Dès leur édition du 3 janvier 2015, La Liberté, Freiburger Nachrichten, La Gruyère, Le Messager et l’Agri seront fabriqués au Centre d’impres-sion de Berne, propriété du groupe Tamedia. «Nous conservons la gestion des abonnés et le secteur prépresse, explique Thomas Burri, directeur de l’Imprimerie Saint-Paul. Pour le lecteur, rien ne va changer.
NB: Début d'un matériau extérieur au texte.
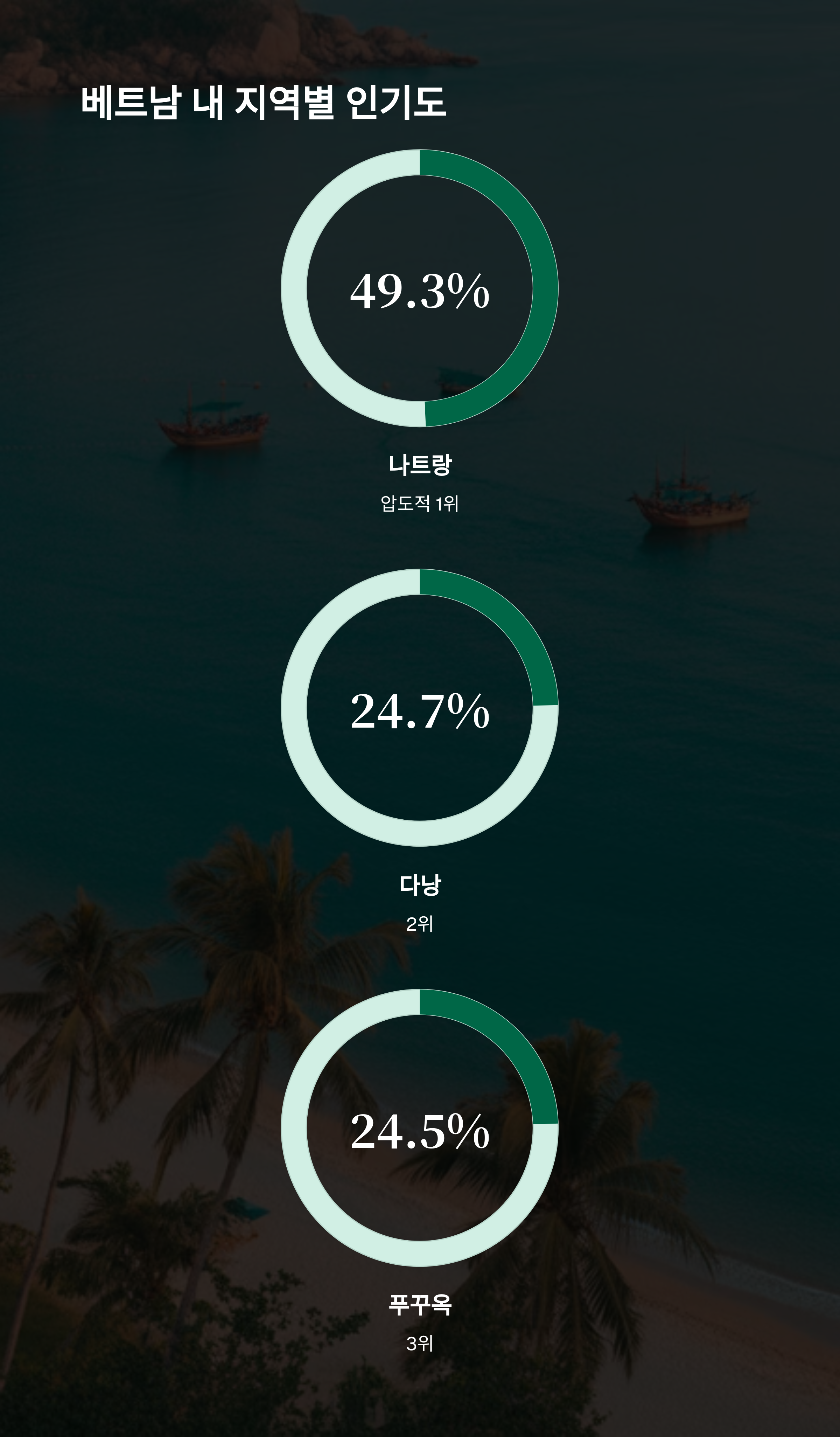 지역별 예약률을 살펴보면, 냐짱이 49.3%로 압도적인 1위를 차지했으며, 다낭(24.7%)과 푸꾸옥(24.5%)이 그 뒤를 이었습니다. 냐짱이 이렇게 뜨거운 사랑을 받는 이유는 무엇일까요?

La transition se fera tout en douceur, on y travaille depuis plusieurs mois déjà.»
Annoncée voilà presque deux ans (La Gruyère du 31 janvier 2013), la fermeture de la rotative de Saint-Paul a provoqué la suppression de 45 postes de travail. «Nous avons mis en place un plan social salué par les syndicats, poursuit Thomas Burri. Nous avons trouvé des solutions pour tous les salariés à l’exception d’une personne. La plupart bénéficieront d’une préretraite. Cinq employés poursuivront leur carrière chez Tamedia, une femme a commencé un apprentissage dans le département brochage et trois autres seront formés à l’extérieur.»
La rotative sera démontée d’ici au printemps et sans doute vendue en pièces détachées. Quant au bâtiment de quatre étages, Saint-Paul a mandaté un architecte pour étudier sa reconversion. «On ne va pas partir de Pérolles dans l’immédiat, avoue le directeur de l’imprimerie. Mais nous menons une réflexion à moyen terme, avec une perspective de quinze ans.»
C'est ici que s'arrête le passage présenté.